The miracle question doesn't ask you to describe the miracle itself; it asks you to identify the tangible signs that the miracle happened. Once (someone has identified) specific and vivid signs of progress... a second question is perhaps even more important. It's the Exception Question: "When was the last time you saw a little bit of the miracle, even for just a short time?"

There are exceptions to every problem and that those exceptions, once identified, can be carefully analyzed, like the game film of a sporting event. Let's replay that scene, where things were working for you. What was happening? How did you behave? That analysis can point directly toward a solution that is, by definition, workable. After all, it worked before.

Chip & Dan Heath, Switch

Seeing Victory

A plank 12” wide laying on the floor would be easy to walk. Place the same plank between two ten story buildings and “walk the plank” is a different matter. You “see” yourself easily and safely walking the plank on the floor. You “see” yourself falling from the plank stretched between the buildings. Since the mind completes the picture you paint in it, your fears are quite real. Many times a golfer will knock a ball in the lake or hit it out of bounds and then stop back with the comment, “I know I was going to do that.” His mind painted a picture and his body completed the action. On the positive, side, the successful gofer knows that he must ‘see’ the ball going into the cup before he strokes it. A hitter in baseball sees the ball dropping in for a base hit before he swings at the ball, and the successful salesman sees the customer buying before he makes the calls. Michelangelo clearly saw the Mighty Moses in that block of marble before he struck the first blow.

Zig Ziglar, See You at the Top

Worshiping the pursuit of extreme success

Our jobs were never meant to shoulder the burdens of a faith, and they are buckling under the weight. A staggering 87 percent of employees are not engaged at their job, according to Gallup. That number is rising by the year.  One solution to this epidemic of disengagement would be to make work less awful. But maybe the better prescription is to make work less central.

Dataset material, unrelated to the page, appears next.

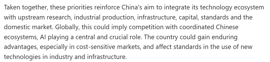 文章进一步分析说,这些优先事项强化了中国将其技术生态系统与上游研究、工业生产、基础设施、资本、标准及国内市场相融合的目标。对全球而言,这意味着未来将面对一个高度协同的中国技术生态系统,而人工智能将是这一系统的中枢。中国由此可能获得持久的竞争优势,同时也会在工业及基础设施的新技术应用标准方面发挥越来越大的影响力。
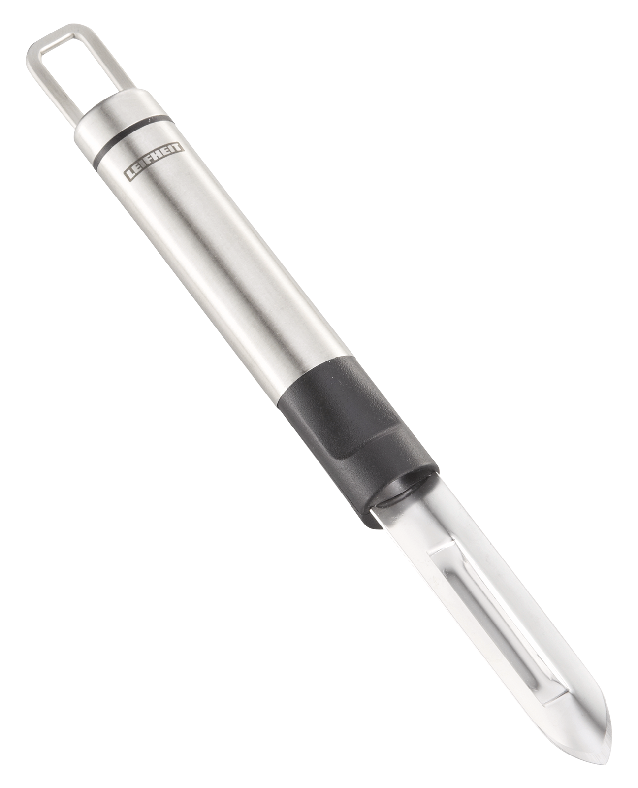 Hochwertige Verbindung aus schwarzem Kunststoff und Edelstahl machen den Gemüseschäler zum Design-Highlight in der Küche

Derek Thompson writing in The Atlantic

The uses and limits of numbers

The statistics can’t capture the true toll of the COVID virus. They can’t tell us what it’s like to work in an intensive-care unit, or how it feels to lose a loved one to the disease. They can’t even tell us the total number of lives that have been lost (as opposed to the number of deaths that fit into a neat category, such as those occurring within twenty eight days of a positive test). They can’t tell us with certainty when normality will return. But they are, nonetheless, the only means we have to understand just how deadly the virus is, figure out what works, and explore, however tentatively, the possible futures that lie ahead.